### Description of the task
Copy out precisely the lines of the material that follows, beginning with the line containing "На мысу была" and ending with its last line; exclude pictures.

### Information supplied
# # #
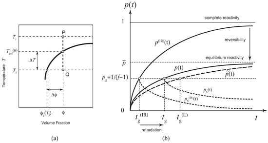 From the theoretical side, there have been accumulating studies based on the kinetic equations for the cross-linking reaction of functional groups in the classical Flory–Stockmayer pictures of gelation. For instance, Stockmayer [,] derived the rate equation of irreversible gelation for the reactivity (conversion) as a function of time, and found its value at the gel point.
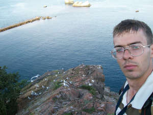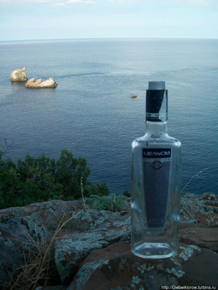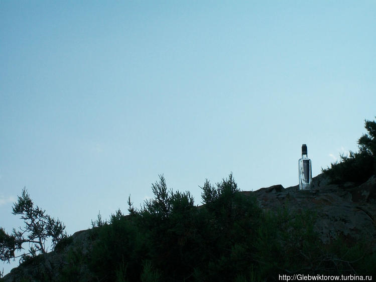 На мысу была найдена пустая бутылка водки, пофоткал ее с разных сторон на фоне Медведь-горы
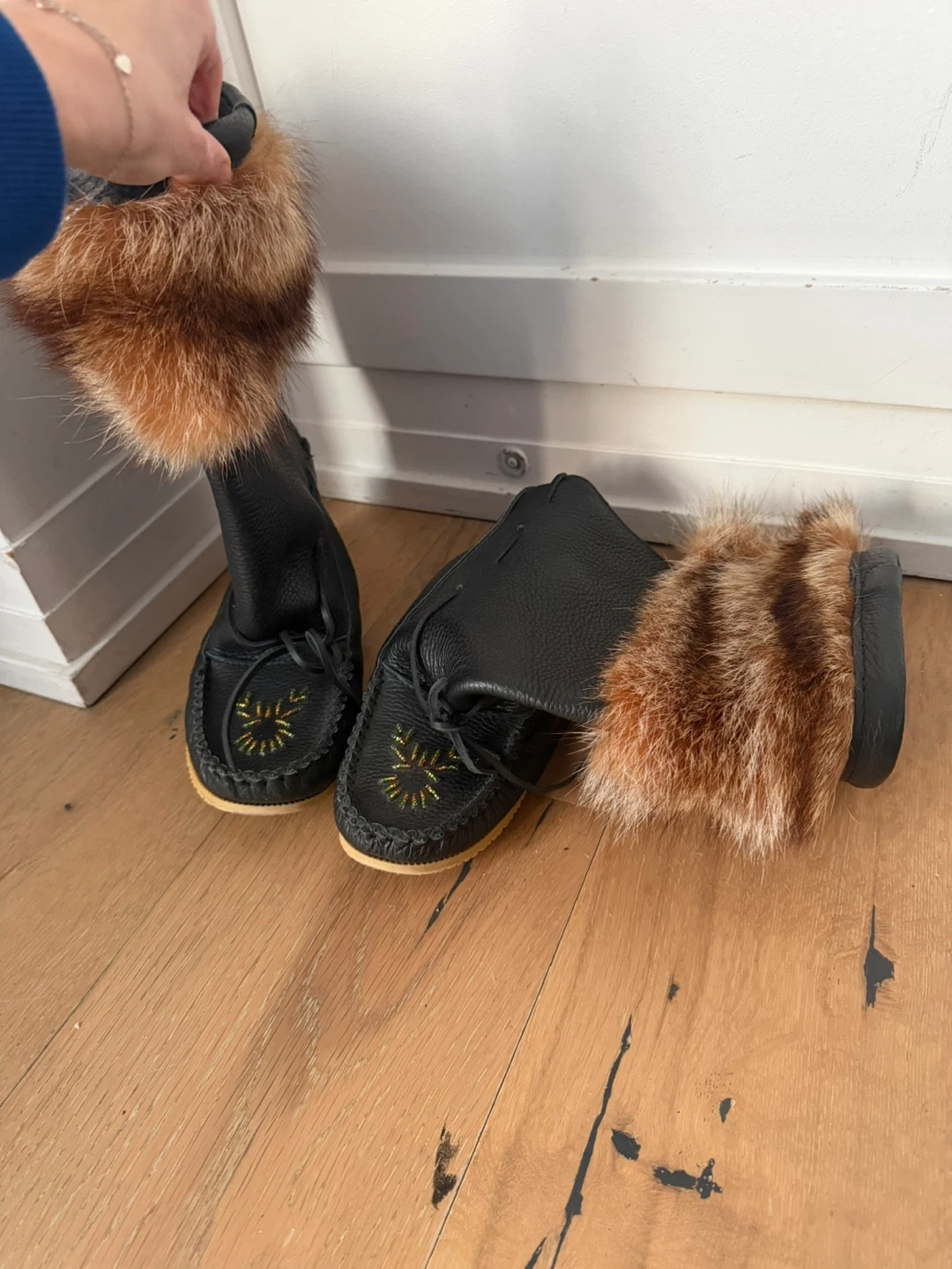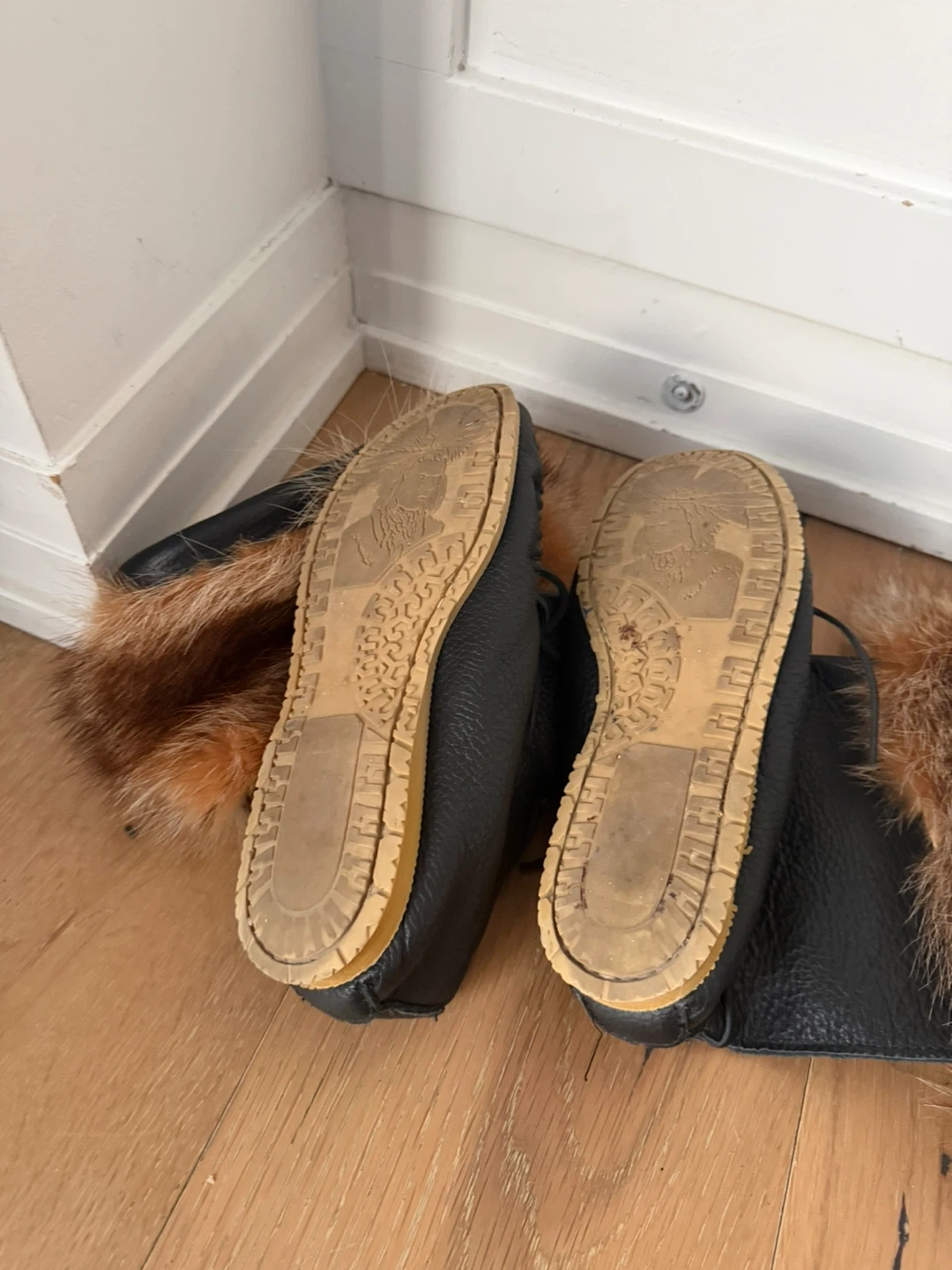 Black leather moccasin boots featuring a decorative stitched pattern on the toe and a real fur trim. They have a durable rubber sole. These boots are cozy and stylish for cooler weather. Gently used.
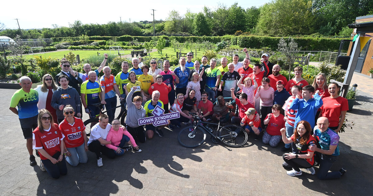 Cyclists with Down Syndrome Cork clients and staff, special guest Amy O'Connor, councillor Jack White, Minister Jerry Buttimer, KC and Ruairi O'Hagan of RED FM at the announcement of The Field of Dreams Cycle which will take place on Sunday June 8. Picture: Larry Cummins
# # #
### Exercise response
 На мысу была найдена пустая бутылка водки, пофоткал ее с разных сторон на фоне Медведь-горы
 Black leather moccasin boots featuring a decorative stitched pattern on the toe and a real fur trim. They have a durable rubber sole. These boots are cozy and stylish for cooler weather. Gently used.
 Cyclists with Down Syndrome Cork clients and staff, special guest Amy O'Connor, councillor Jack White, Minister Jerry Buttimer, KC and Ruairi O'Hagan of RED FM at the announcement of The Field of Dreams Cycle which will take place on Sunday June 8. Picture: Larry Cummins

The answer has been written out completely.